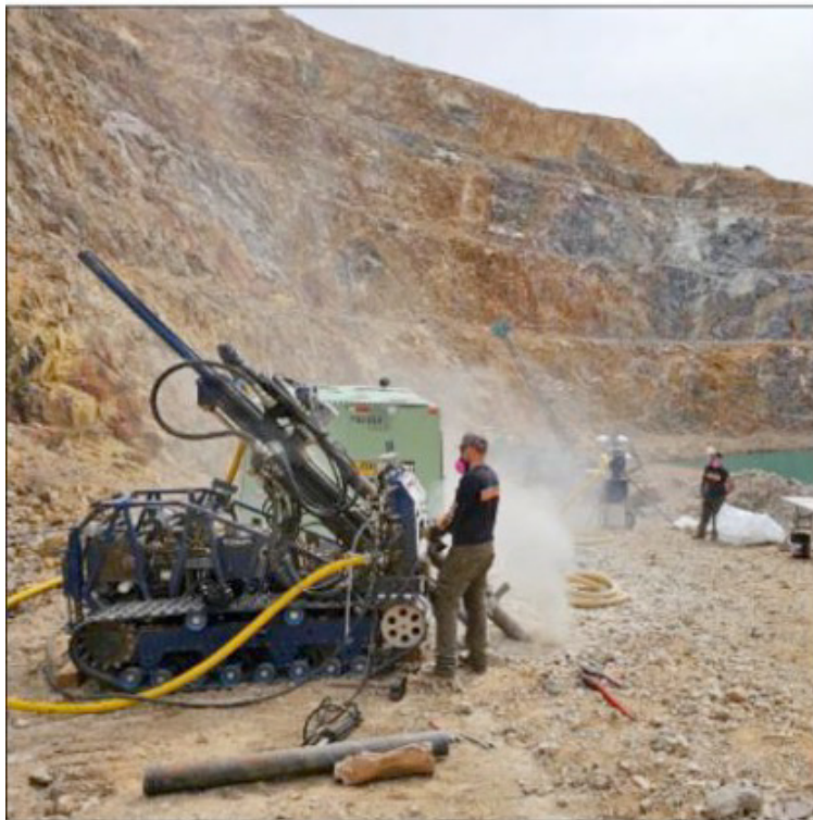
Figure 3: Company owned RC rig and compressor conducting infill drilling
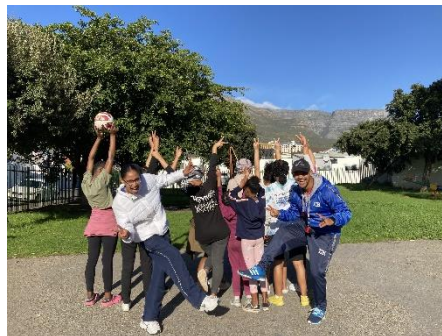
Outreach at Ons Plek project (Afrikaans for 'Our Place', Woodstock.

Another thank you is extended to Western Province Hockey Association. Every 3 months different volunteers from Germany in partnership with WP Hockey come and serve our hubs by providing quality hockey coaching sessions.
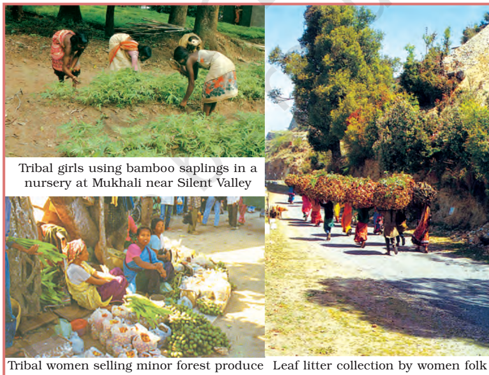
Tribal girls using bamboo saplings in a nursery at Mukhali near Silent Valley

Habitat destruction, hunting, poaching, over-exploitation, environmental pollution, poisoning and forest fires are factors, which have led to the decline in India's biodiversity. Other important causes of environmental destruction are unequal access, inequitable consumption of resources and differential sharing of responsibility for environmental well-being. Over-population in third world countries is often cited as the cause of environmental degradation. However, an average American consumes 40 times more resources than an average Somalian. Similarly, the richest five per cent of Indian society probably cause more ecological damage because of the amount they consume than
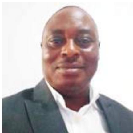
By KENNETH DARENG

In a country of about 200 million people, this sure portends danger. Imminent implosion can occur afterall, the old adage that a hungry man is an angry man remains immortal because at the end, something must give. And what is to be done? It behooves on government to strategise and bring out workable solutions towards ameliorating the already precarious living conditions of Nigerians. It is evil that with all the petrol dollars Nigerians are wallowing in abject poverty, wants and penury.
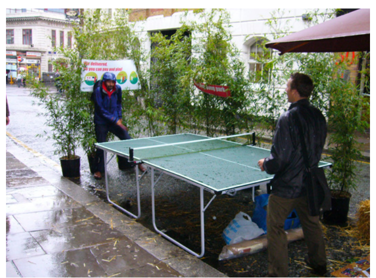
Rain or shine, PARK(ing) Day brings creativity to city streets.

While participating individuals and organizations operate independently, they do follow a set of established guidelines. Newcomers can pick up the PARK(ing) Day Manifesto , which covers the basic principles and includes a how-to implementation guide.
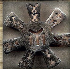
Medieval bulgarian sign
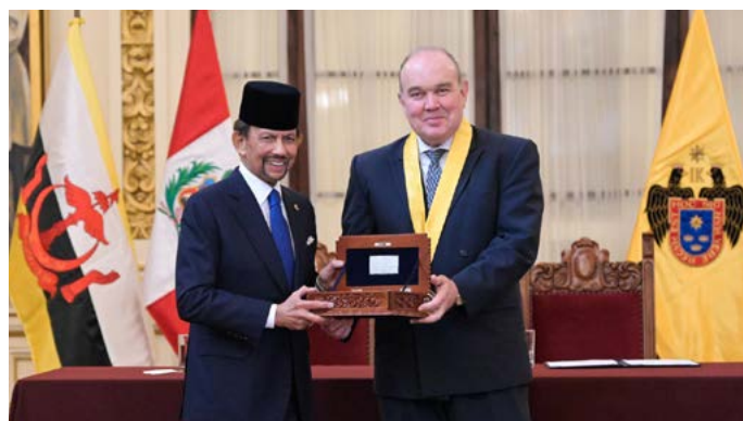
His Majesty during the handing over ceremony of the Key of Lima City by His Excellency Mayor of Lima, at the Municipal Palace.
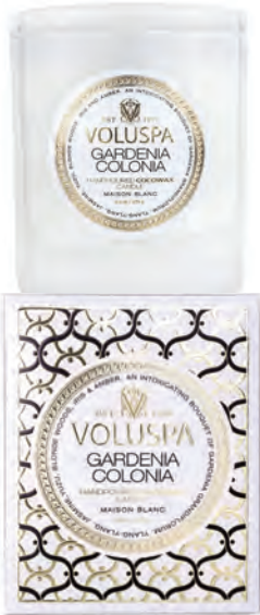
CLASSIC CANDLE #8105
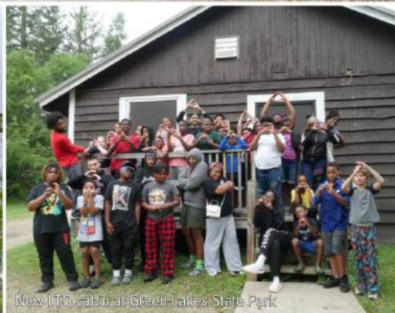
New LTO cabin at Green Lakes State Park
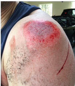
Shirts or Skins?
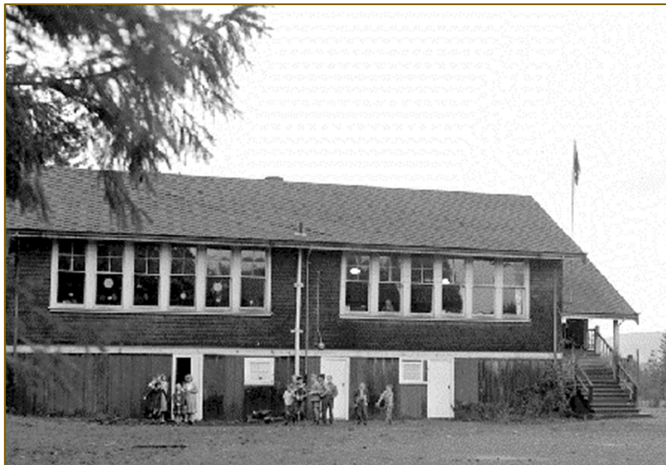
Sylvania School, 1953
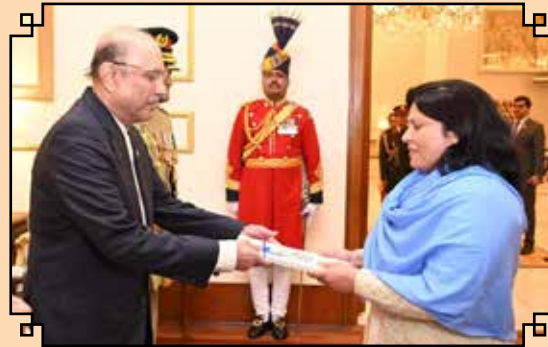
AMBASSADOR OF NEPAL
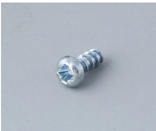
A0304031 Self-tapping screws 2.2 x 5 mm (PZ1)
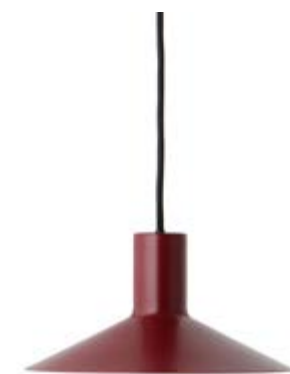
Matt wine red: art.no. 108376 MADE TO ORDER (4 WEEKS)
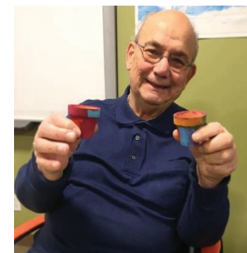
2019 Women's Luncheon & Fashion Show attendees received hand painted pots with chocolates.
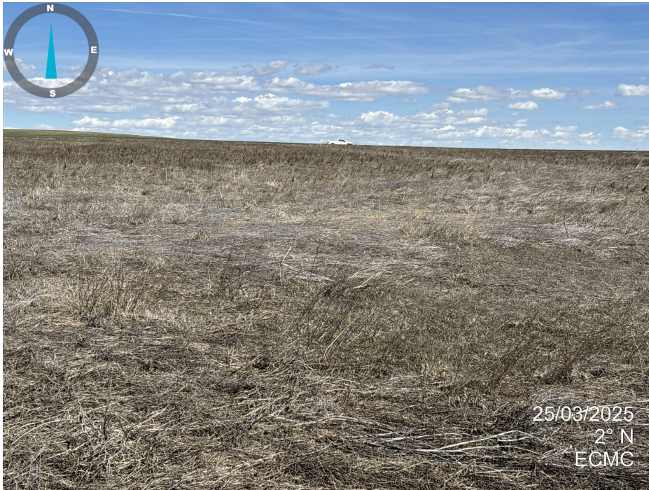
Photo 3. Looking looking north from wellbore across location. See photo 2 comments.
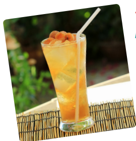
Longan Iced Tea

*Due to no preservatives being used, our Longan's color will darken over time. This does not impact quality or taste.
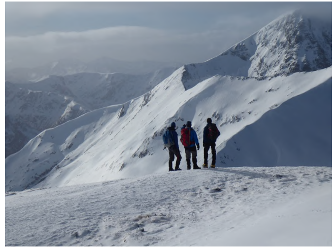
On Aonach Beag – looking to Ben Nevis
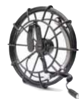
Camera probes with cable length greater than 3m will be coiled on a spool as shown on the left.
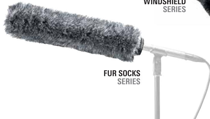
FUR SOCKS SERIES

Pull-on Fur Socks fit over an existing foam, windshield for enhanced windnoise protection.
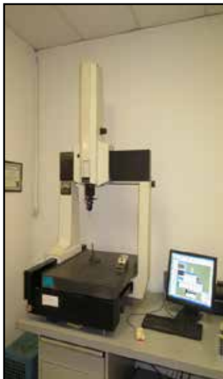
Brown & Sharpe Micro Val CMM Machine
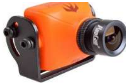
Fig -8: FPV camera

The camera that can be used is HD FPV camera 1200 TVL, it has 2.8mm Lens, auto/colour/black & white Day and night format. TS5828 32CH mini transmitter can be connected to the camera for transmission of video signals to receiver at ground.
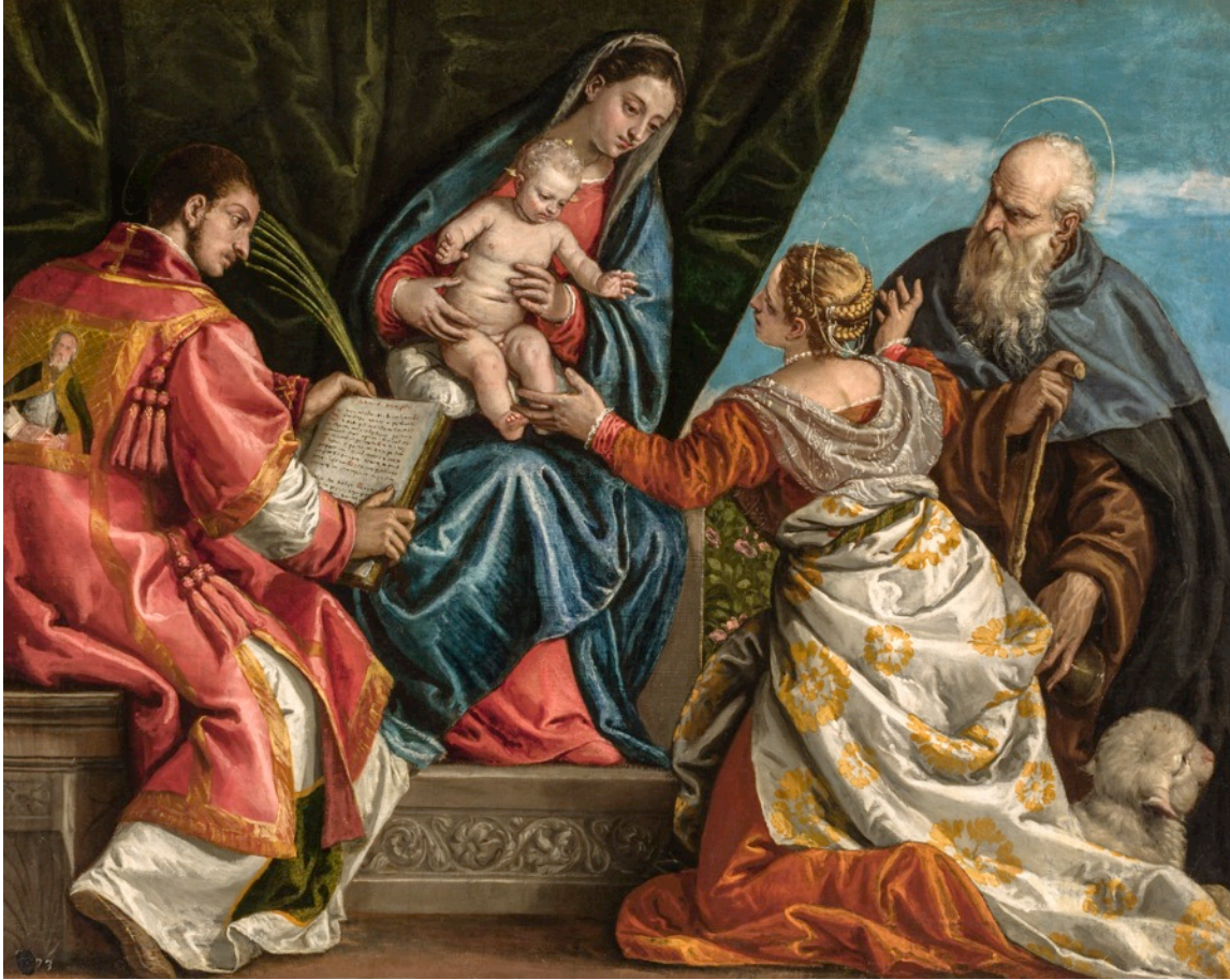
Fig. 18: Paolo Veronese, Sacra Conversazione , 1560s, oil on canvas, 103.2x 127.7 cm, The New Orleans Museum of Art: The Samuel H. Kress Collection, 61.80

Second, her intricately braided blond hair is trimmed with pearls falling in a loop around and below her ear. Coiffures in which braids were woven with strands of pearls, gems that Venice famously imported from the East and sold to the rest of Europe, were themselves a fine art. Giovanni Guerra illustrated such styles in the forty-five engravings in his book, Various Coiffures Worn by the Noblest Ladies of Various Cities of Italy , published in the 1590s. 74 One of Guerra's prints, "La Ornata" of Milan, resembles Veronese's Venetia : she wears a long strand of

★ ★ ★ ★ ★ ★ ★

Transcribe exactly the lines that run from the first line of the records above through the line with "Tribal girls using", and include both of those lines; pictures stay out.

Figure 3: Company owned RC rig and compressor conducting infill drilling
Outreach at Ons Plek project (Afrikaans for 'Our Place', Woodstock.

Another thank you is extended to Western Province Hockey Association. Every 3 months different volunteers from Germany in partnership with WP Hockey come and serve our hubs by providing quality hockey coaching sessions.
Tribal girls using bamboo saplings in a nursery at Mukhali near Silent Valley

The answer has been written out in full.